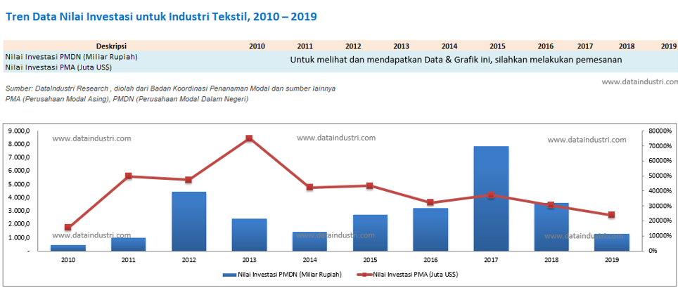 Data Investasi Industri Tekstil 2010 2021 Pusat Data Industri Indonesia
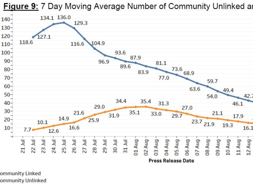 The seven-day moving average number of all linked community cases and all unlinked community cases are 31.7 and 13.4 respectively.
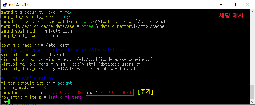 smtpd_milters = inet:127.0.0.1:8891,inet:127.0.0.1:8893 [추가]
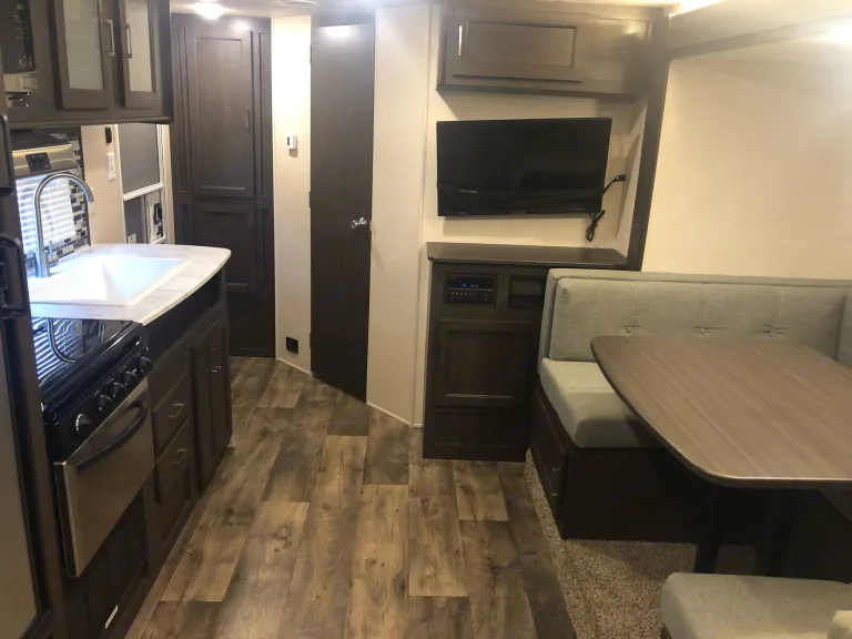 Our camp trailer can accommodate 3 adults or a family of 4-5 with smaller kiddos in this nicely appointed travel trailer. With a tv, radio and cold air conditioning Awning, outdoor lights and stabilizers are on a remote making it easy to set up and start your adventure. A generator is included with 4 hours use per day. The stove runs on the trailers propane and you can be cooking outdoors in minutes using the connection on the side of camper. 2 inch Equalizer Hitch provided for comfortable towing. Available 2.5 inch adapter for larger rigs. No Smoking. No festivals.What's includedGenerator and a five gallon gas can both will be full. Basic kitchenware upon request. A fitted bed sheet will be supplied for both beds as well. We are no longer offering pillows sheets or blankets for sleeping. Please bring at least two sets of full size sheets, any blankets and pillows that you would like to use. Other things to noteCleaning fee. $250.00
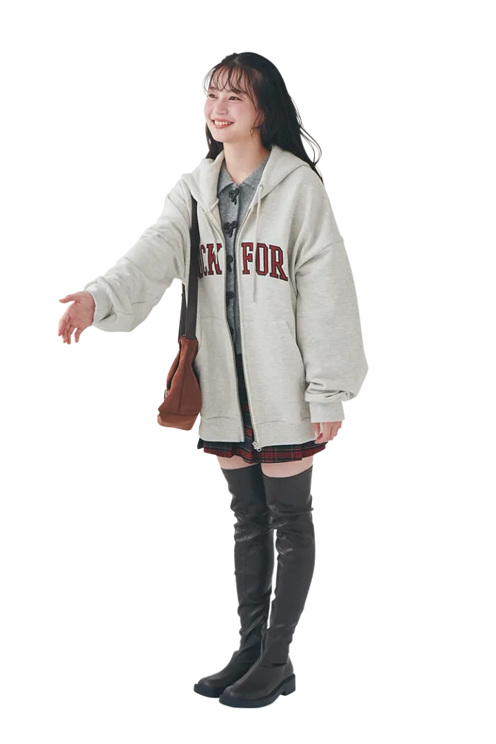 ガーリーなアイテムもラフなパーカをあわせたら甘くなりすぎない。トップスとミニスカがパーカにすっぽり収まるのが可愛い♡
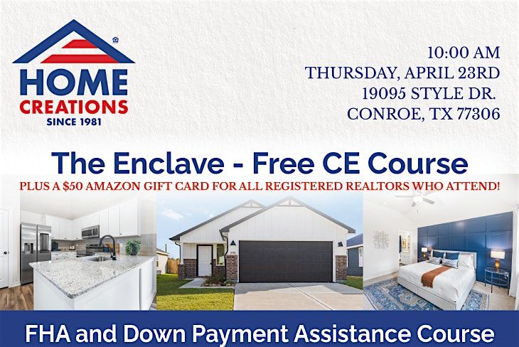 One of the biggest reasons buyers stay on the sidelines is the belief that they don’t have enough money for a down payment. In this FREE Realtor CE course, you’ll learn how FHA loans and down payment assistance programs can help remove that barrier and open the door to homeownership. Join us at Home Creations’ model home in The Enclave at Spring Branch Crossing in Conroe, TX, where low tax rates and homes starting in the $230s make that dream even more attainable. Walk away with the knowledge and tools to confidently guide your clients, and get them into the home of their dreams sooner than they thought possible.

......

- Exercise: In the records above, find the line containing "The seven-day moving" and the line containing "smtpd_milters = inet:127.0.0.1:8891,inet:127.0.0.1:8893", then give both of them again word for word along with every line between. Omit any pictures.

- Answer box:
 The seven-day moving average number of all linked community cases and all unlinked community cases are 31.7 and 13.4 respectively.
 smtpd_milters = inet:127.0.0.1:8891,inet:127.0.0.1:8893 [추가]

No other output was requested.